B. Analisa Kasus dengan Kode Etik Himpsi Bab IV: Hubungan Antar Manusia Kode Etik HIMPSI BAB IV: Hubungan Antar Manusia 1. Pasal 13: Sikap Profesional Psikolog dan Ilmuwan Psikologi dalam memberikan layanan psikologi, baik yang bersifat perorangan, kelompok, lembaga atau organisasi/institusi, harus sesuai dengan keahlian dan kewenangannya serta berkewajiban untuk: a) Mengutamakan dasar-dasar profesional. b) Memberikan layanan kepada semua pihak yang membutuhkannya. c) Melindungi pemakai layanan psikologi dari akibat yang merugikan sebagai dampak layanan psikologi yang diterimanya. d) Mengutamakan ketidak berpihakan dalam kepentingan pemakai layanan psikologi serta pihak-pihak yang terkait dalam pemberian pelayanan tersebut. e) Dalam hal pemakai layanan psikologi menghadapi kemungkinan akan terkena dampak negatif yang tidak dapat dihindari akibat pemberian layanan psikologi yang dilakukan oleh Psikolog dan Ilmuwan Psikologi maka pemakai tersebut harus diberitahu. Analisis: Bisa dilihat dari kasus di atas, Psikolog S telah melakukan pelanggaran dengan menyalahi kewenangan dan keahliannya. Psikolog S memberikan prognosis yang berkaitan dengan kondisi fisik klien, yang seharusnya tidak termasuk ke dalam bidang keahliannya. Sikap tersebut tidak mencerminkan profesionalitas. Terlebih, Psikolog S juga melanggar poin d), yang menyatakan bahwa seorang Psikolog atau Ilmuwan Psikologi harus adil dan tidak memihak kepentingan salah satu pihak, sebagaimana Psikolog S melakukan manipulasi hasil demi kepentingan R ketimbang kepentingan perusahaan.

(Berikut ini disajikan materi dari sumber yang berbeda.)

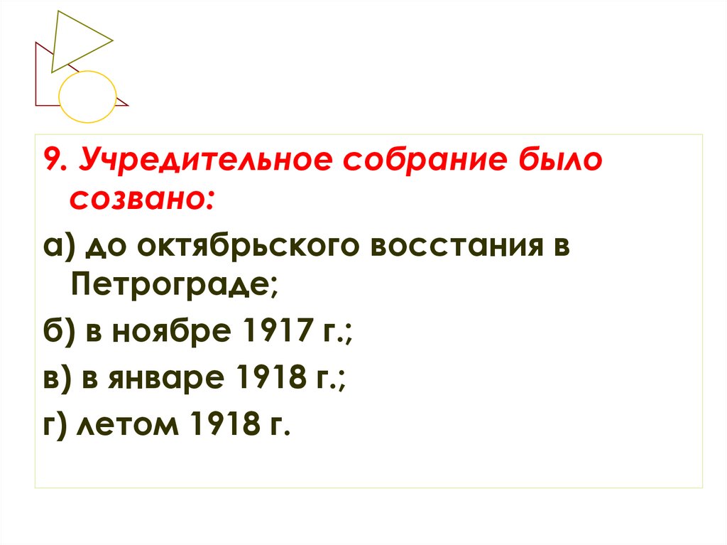 9. Учредительное собрание былосозвано:
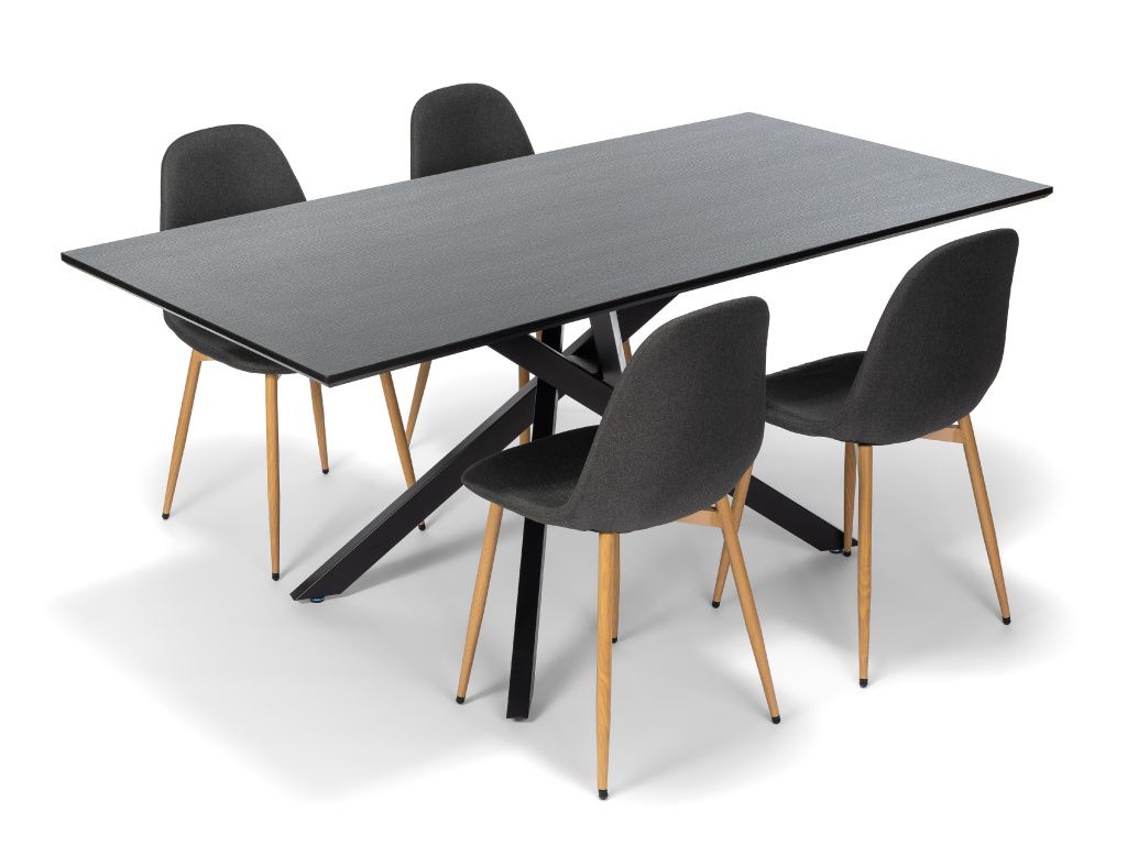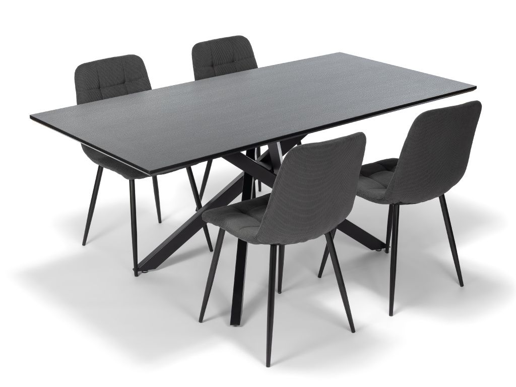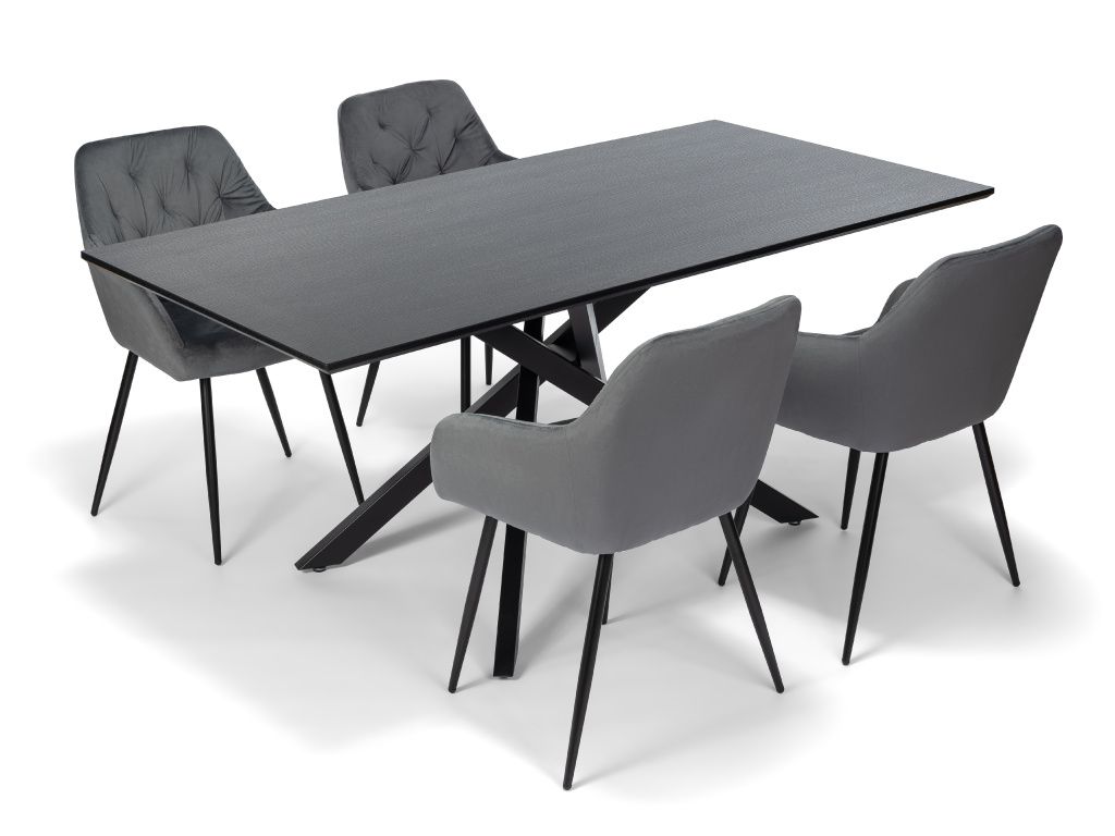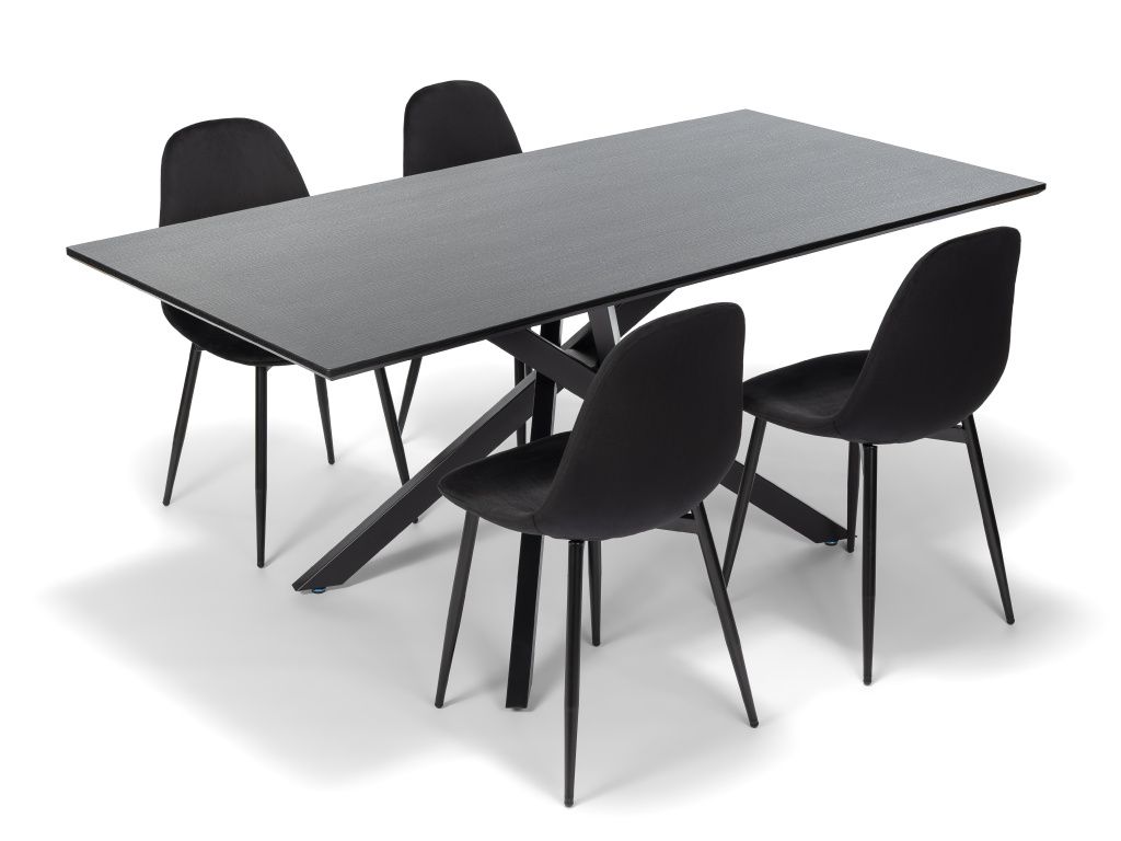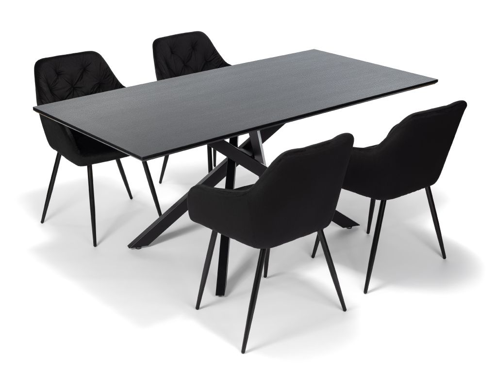 Obdélníkový jídelní stůl s výrazným moderním designem. Černá stolová deska dodává interiéru elegantní a luxusní vzhled. Stabilní kovová podnož s originálním křížením nohou. Vhodný do prostorné jídelny či moderní kuchyně. Spojuje praktičnost, pevnost a stylovou eleganci.

2. Pasal 15: Penghindaran Dampak Buruk Psikolog dan Ilmuwan Psikologi mengambil langkah-langkah yang masuk akal untuk menghindari munculnya dampak buruk bagi pengguna layanan psikologi serta pihak-pihak lain yang terkait dengan kerja mereka serta meminimalkan dampak buruk untuk hal-hal yang tak terhindarkan tetapi dapat diantisipasi sebelumnya. Dalam hal seperti ini, maka pemakai layanan psikologi serta pihak-pihak lain yang terlibat harus mendapat informasi tentang kemungkinan tersebut. Analisis: Psikolog S telah melanggar pasal ini karena lalai dalam mengantisipasi dampak buruk yang dapat diakibatkan dengan memanipulasi hasil tes saudaranya R. Akhirnya, perusahaan mengalami kerugian karena hasil seleksi yang dilakukan tidak memenuhi kompetensi yang mereka cari.



(1)



(2)



(3)



(4)



3. Pasal 16: Hubungan Majemuk Hubungan majemuk terjadi apabila: a) Psikolog dan/atau Ilmuwan Psikologi sedang dalam peran profesionalnya dengan seseorang dan dalam waktu yang bersamaan menjalankan peran lain dengan orang yang sama, atau b) Psikolog dan/atau Ilmuwan Psikologi dalam waktu yang bersamaan memiliki hubungan dengan seseorang yang secara dekat berhubungan dengan orang yang memiliki hubungan profesional dengan Psikolog dan/atau Ilmuwan Psikologi tersebut. Psikolog dan/atau Ilmuwan Psikologi sedapat mungkin menghindar dari hubungan majemuk apabila hubungan majemuk tersebut dipertimbangkan dapat merusak objektivitas, kompetensi atau efektivitas dalam menjalankan fungsinya sebagai Psikolog dan/atau Ilmuwan Psikologi, atau apabila beresiko terhadap eksploitasi atau kerugian pada orang atau pihak lain dalam hubungan profesional tersebut. Apabila ada hubungan majemuk yang diperkirakan akan merugikan, Psikolog dan/atau Ilmuwan Psikologi melakukan langkah-langkah yang masuk akal untuk mengatasi hal tersebut dengan mempertimbangkan kepentingan terbaik orang yang terkait dan kepatuhan yang maksimal terhadap Kode etik. Apabila Psikolog dan/atau Ilmuwan Psikologi dituntut oleh hukum, kebijakan institusi, atau kondisi-kondisi luar biasa untuk melakukan lebih dari satu peran, sejak awal mereka harus memperjelas peran yang dapat diharapkan dan rentang kerahasiaannya, bagi diri sendiri maupun bagi pihak-pihak lain yang terkait.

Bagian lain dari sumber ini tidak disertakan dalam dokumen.